Physicists had written about angular momentum and torque. But the basic mechanics, what actually prevents a spinning ring from sliding to the floor, remained an open question. It took Leif Ristroph, an applied mathematician at New York University, watching street performers near his home in Greenwich Village to notice the gap. He has a habit of noticing gaps like this. His lab has previously worked out how many licks it takes to reach the centre of a lollipop (about 1,000, using fluid dynamics and homemade candy balls), solved a sprinkler puzzle that had baffled physicists since the 1880s, and discovered that paper aeroplanes stay level by a mechanism completely different from actual aircraft. Ristroph describes his approach simply: "I like to think of the whole world as a laboratory."

For the hula hoop problem, his team 3D-printed a series of small robot bodies at roughly one-tenth human scale, each a different shape. They attached a motor to make each one gyrate in tight circles, launched a hoop about six inches across, and filmed the results with high-speed cameras.

The cylinder failed immediately. The hoop slid straight down, nothing to push back against gravity. A cone-shaped robot did slightly better: its slope gave the hoop an upward push. But with no curve to hold the hoop in place, it drifted. Start too high, it climbed off the top. Start too low, it fell. Only one shape worked: the hourglass. The inward curve, what the researchers call a "waist," kept the hoop from migrating up or down. The outward slope at the bottom, the "hips," provided the upward force. Together, they created a stable zone where the hoop could spin indefinitely.

The paper, published in the Proceedings of the National Academy of Sciences in January 2025, describes hula hooping as a form of mechanical levitation. The hoop is not just spinning. It is being held aloft by the geometry of the surface it rolls against, a rolling contact problem that turned out to involve subtler physics than anyone expected.

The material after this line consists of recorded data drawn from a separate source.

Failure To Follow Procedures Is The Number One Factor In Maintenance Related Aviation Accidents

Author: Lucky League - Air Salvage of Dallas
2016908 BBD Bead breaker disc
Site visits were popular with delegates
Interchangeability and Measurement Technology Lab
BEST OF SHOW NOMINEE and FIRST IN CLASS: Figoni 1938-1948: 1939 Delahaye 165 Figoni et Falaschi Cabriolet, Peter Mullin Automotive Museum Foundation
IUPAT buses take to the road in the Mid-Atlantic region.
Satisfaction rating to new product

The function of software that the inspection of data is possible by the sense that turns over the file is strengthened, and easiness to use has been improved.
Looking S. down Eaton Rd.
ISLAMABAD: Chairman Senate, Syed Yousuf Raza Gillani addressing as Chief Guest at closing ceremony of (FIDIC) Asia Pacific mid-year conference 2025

Ristroph's team also found something that matters for anyone who has ever failed at hula hooping: body shape is not destiny. They got the cone-shaped robot, the one that kept losing its hoop, to succeed by adjusting the speed of its gyrations depending on where the hoop sat. People do this instinctively, compensating with faster hip movements when the hoop starts to slip. A few practical findings fell out of the research too. A slow launch will fail. The hoop and the body need to be moving in the same direction from the start. And bigger hoops are easier for beginners because they require slower gyrations to stay up.

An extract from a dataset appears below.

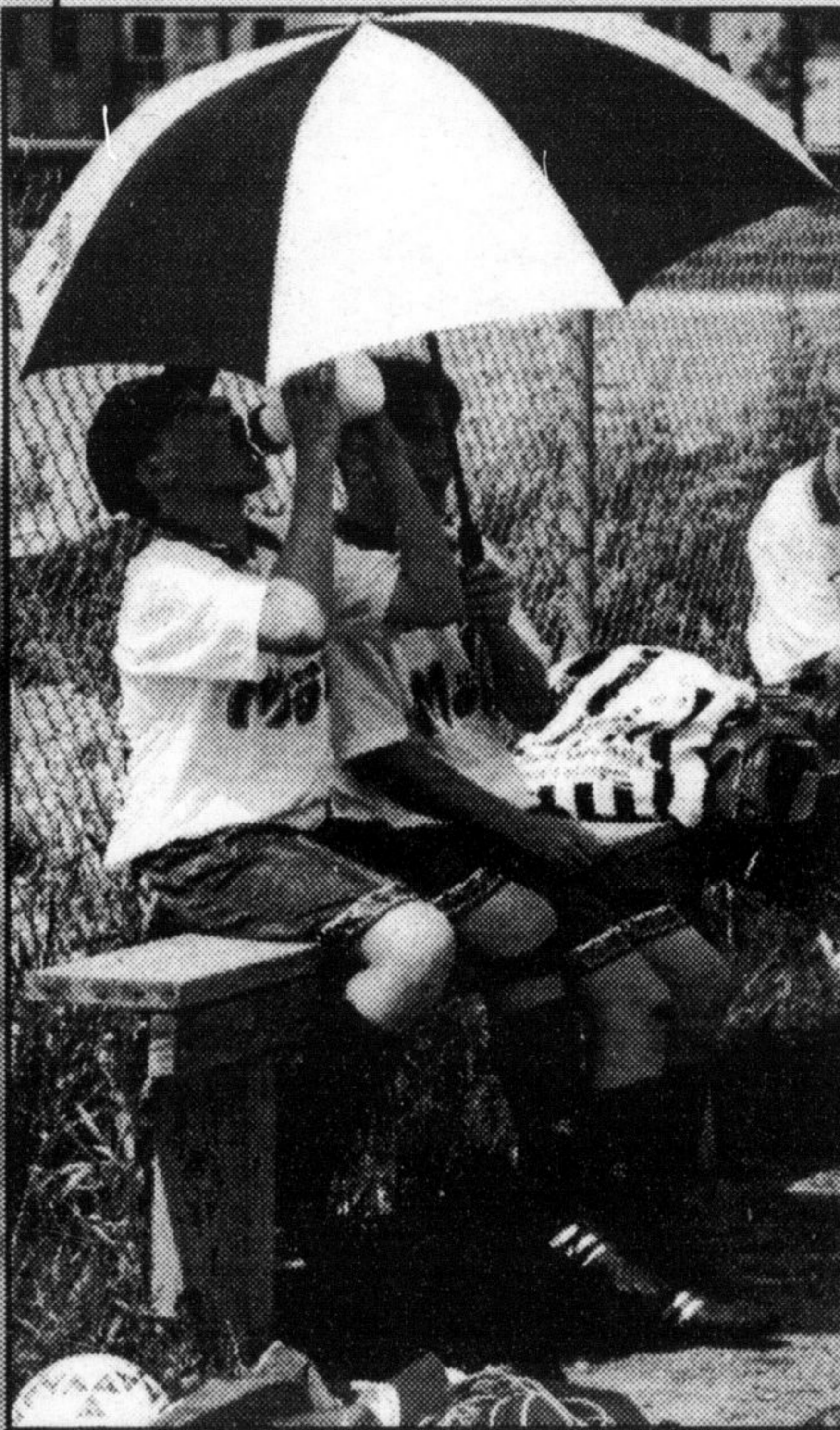
The Milton Magic under-14 boys team made plenty of headway against Welland at the Friendship Tournament. They beat the Wizards 4-1 but were shut out in three other games. (Inset) With the heat and humidity soaring over the weekend, water and shade were essential.

Why this is worth sharing with kids

Most children have tried a hula hoop. Many have failed at it, watched someone else keep it going effortlessly, and wondered what they were doing wrong. This gives that experience a frame: it is not about talent. It is about shape, speed, and the forces that show up when a ring rolls around a curved surface.

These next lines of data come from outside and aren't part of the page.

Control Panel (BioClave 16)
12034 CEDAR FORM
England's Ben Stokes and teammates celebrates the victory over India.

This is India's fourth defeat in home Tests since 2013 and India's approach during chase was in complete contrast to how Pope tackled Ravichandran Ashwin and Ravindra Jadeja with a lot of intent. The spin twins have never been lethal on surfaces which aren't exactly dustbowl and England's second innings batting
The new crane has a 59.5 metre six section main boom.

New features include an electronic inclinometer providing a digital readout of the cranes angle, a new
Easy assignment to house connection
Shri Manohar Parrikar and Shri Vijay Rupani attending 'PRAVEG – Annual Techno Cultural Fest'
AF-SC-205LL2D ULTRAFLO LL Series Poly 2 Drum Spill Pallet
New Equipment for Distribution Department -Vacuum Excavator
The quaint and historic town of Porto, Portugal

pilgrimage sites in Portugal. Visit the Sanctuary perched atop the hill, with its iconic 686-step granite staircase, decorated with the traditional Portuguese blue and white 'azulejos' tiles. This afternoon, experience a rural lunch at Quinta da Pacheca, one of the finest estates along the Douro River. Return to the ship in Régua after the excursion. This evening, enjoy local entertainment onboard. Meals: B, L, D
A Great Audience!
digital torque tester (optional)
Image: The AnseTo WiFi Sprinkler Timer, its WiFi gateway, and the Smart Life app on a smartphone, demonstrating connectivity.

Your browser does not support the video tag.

But the bigger story here might be Ristroph's lab itself. A mathematician who investigates lollipops, sprinklers, paper aeroplanes, insect flight, and hula hoops is a useful corrective to the idea that science only happens in serious-looking labs with serious-looking equipment. His research is driven by the same impulse most children already have: noticing something ordinary, asking how it actually works, and discovering that the answer is stranger than expected.

Ask your child what they think would happen if you changed the shape of the hoop, or spun it faster, or tried it on a different part of the body. The physics is accessible enough to reason about and odd enough to be worth the effort.

Seventy years of hula hooping, and it took a set of 3D-printed robots, wiggling under high-speed cameras in a maths lab in Manhattan, to explain what was happening all along.


Source: Zhu, X., Pomerenk, O. & Ristroph, L. "Geometrically modulated contact forces enable hula hoop levitation." Proceedings of the National Academy of Sciences, Vol. 122, January 2025. Reported by Science News Explores.